Shadow Business Secretary Rebecca Long-Bailey launched a Report on Alternative Models of Ownership which, she said, would “start asking fundamental questions about how we achieve real diversity of business in the digital age, and how to ensure that its enormous potential benefits serve the many, not the few.” John McDonnell announced that Labour will establish a Strategic Investment Board, comprising the Chancellor, Secretary of State for Business and Governor of the Bank of England, to co-ordinate the promotion of investment, employment and real wages. Labour also promised to bring investment in research and development in line with other major economies and create ‘national missions’ to deal with the big issues of our time, such as the ‘fourth industrial revolution as a result of the growth in use and improvements in technology. Backbencher Seema Malhotra spoke on the fringe of Labour setting ‘national missions’ with targets, such as on zero emissions and the impact of automation on the Labour force. 

Equality

Labour will ensure that every piece of legislation will be measured against its impact on women before implementation.

Brexit

Labour’s stance on Brexit was centre-stage at the conference, with some unhappiness that a substantive motion on the topic was not selected for debate. Keir Starmer, Labour’s Shadow Secretary of State for Exiting the EU, said in his keynote speech that Labour would scrap the Government’s Brexit White Paper and replace it with ‘fresh negotiating priorities that reflect Labour values and our six tests’. Labour’s White Paper would have a strong emphasis on retaining the benefits of the Single Market and the Customs Union.  He said: “We seek continued tariff-free trade between the UK and the EU, no new non-tariff burdens for business, regulatory alignment and continued competitiveness for goods and services.” Labour would drop the Tories’ Great Repeal Bill and instead introduce new legislation – an EU Rights and Protections Bill. Shadow trade minister Barry Gardiner was concerned that the Government has focused talks on customs on goods rather than services. “If we leave the single market, it is difficult to see how we can get certainty for financial services.” At a fringe meeting, a representative of the Federation of Small Business said multinational companies are ‘shrinking’ their UK businesses in anticipation of Brexit.  MEP Jude Kirton Darling said the EU is unlikely to offer the kind of pure trading relationship that many Tories want and instead it is common for EU trade deals to come with environmental and social standard attached.

‘Tax haven Britain’

The desire of Conservatives to turn a post-Brexit UK into a low tax, low regulation ‘tax haven’ was a recurring theme at the Labour conference, as it had been the previous week at the Lib Dem gathering.
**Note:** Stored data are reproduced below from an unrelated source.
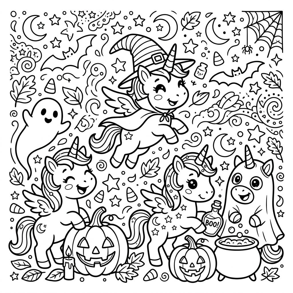This delightful coloring page is bursting with four charming baby unicorns, each ready for a Halloween adventure. One unicorn soars gracefully with a witch's hat and cape, while another stands beside a grinning jack-o'-lantern, complete with a flickering candle. A third baby unicorn holds a 'BOO!' potion bottle next to a bubbling cauldron, and the fourth is adorably disguised as a friendly ghost. The background is a whimsical tapestry of classic Halloween motifs, including fluttering bats, crescent moons, stars, candy corn, swirling patterns, and a shy little ghost floating by.
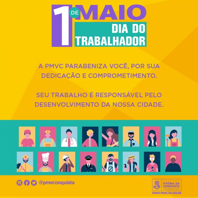 Neste Dia do Trabalhador, a Prefeitura de Vitória da Conquista agradece a cada um que trabalha por nossa cidade. Com cada um de vocês, vamos passar pela pandemia e continuar construindo uma cidade ainda melhor.
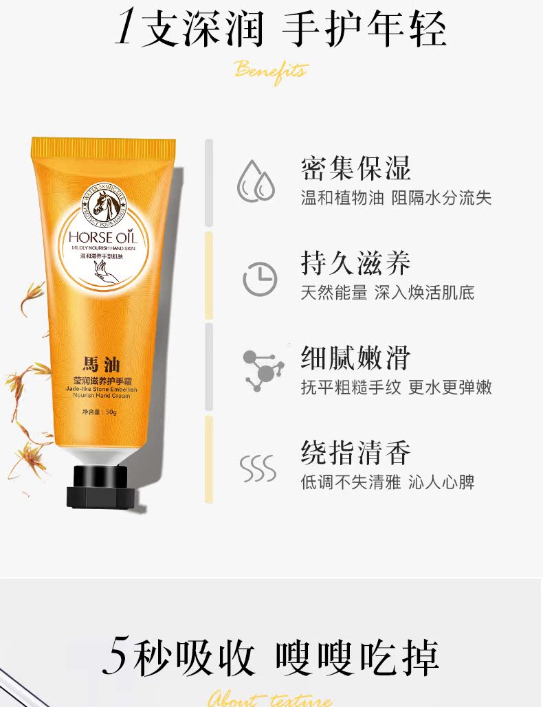 秋冬必备!马油手足霜,让你无惧干燥~精萃马油,柔嫩手足,质地温和,润而不腻,早晚涂抹,让肌肤喝饱营养!厚涂还可做手足膜,足足50g*5支!!
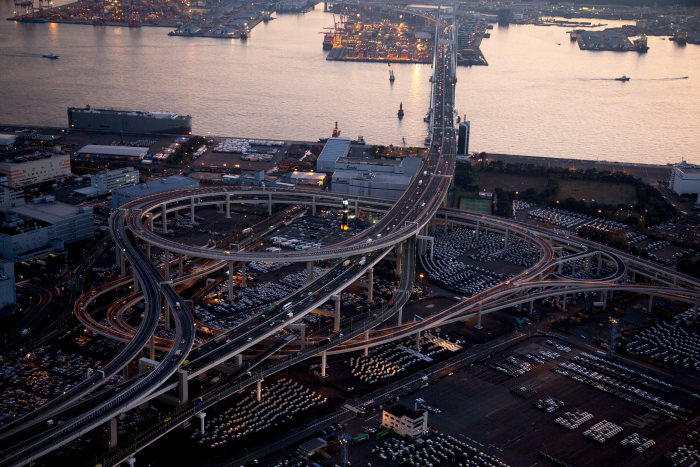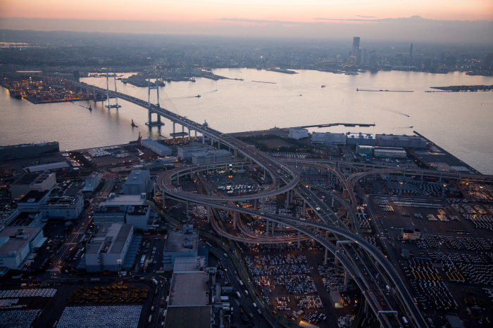 夕景の大黒JCTより横浜港(横浜市鶴見区)
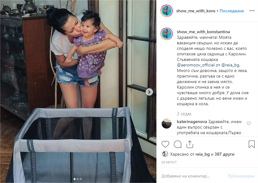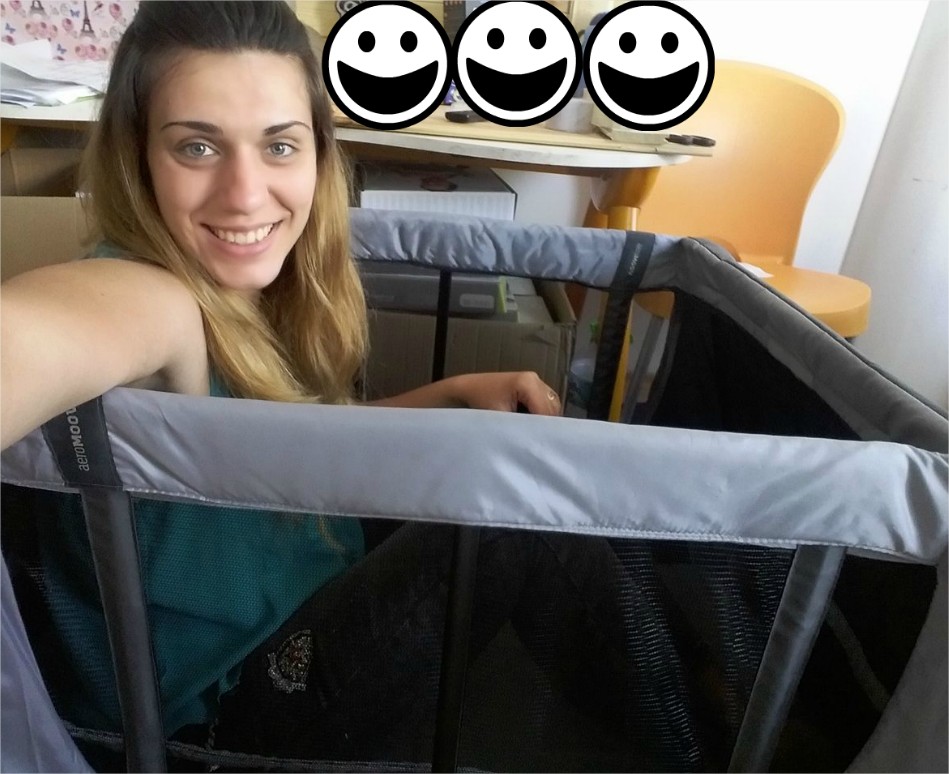 Нашата любима Константина от бебешкия блог Show Me With Konstantina и кошарата за сън и игра Aeromoov, на посещение при баба!

Jeremy Corbyn claimed a powerful faction in the Conservative leadership sees Brexit as their chance to create a ‘tax haven on the shores of Europe, a low-wage, low tax deregulated playground for the hedge funds and speculators’. He said the EU referendum result ‘does not mean giving a green light to a reckless Tory Brexit agenda that would plunge Britain into a Trump-style race-to-the-bottom in rights and corporate taxes’.  

Financial services

Labour’s financial services spokesman, Jonathan Reynolds, took questions from a mix of party members and business representatives at a fringe meting. The session was dominated by Brexit with a strong bias from all participants towards a ‘soft Brexit’ which retains as much access to EU markets as possible for UK-based  financial services. The perception of many Labour MPs (and others) that financial services is just ‘city boys’ in London, rather than an industry providing jobs across the UK, was discussed. Labour is planning a ‘financial services conference’ in December. The Labour in the City group has a new chair, with Sophia Morrell having replaced Kitty Ussher.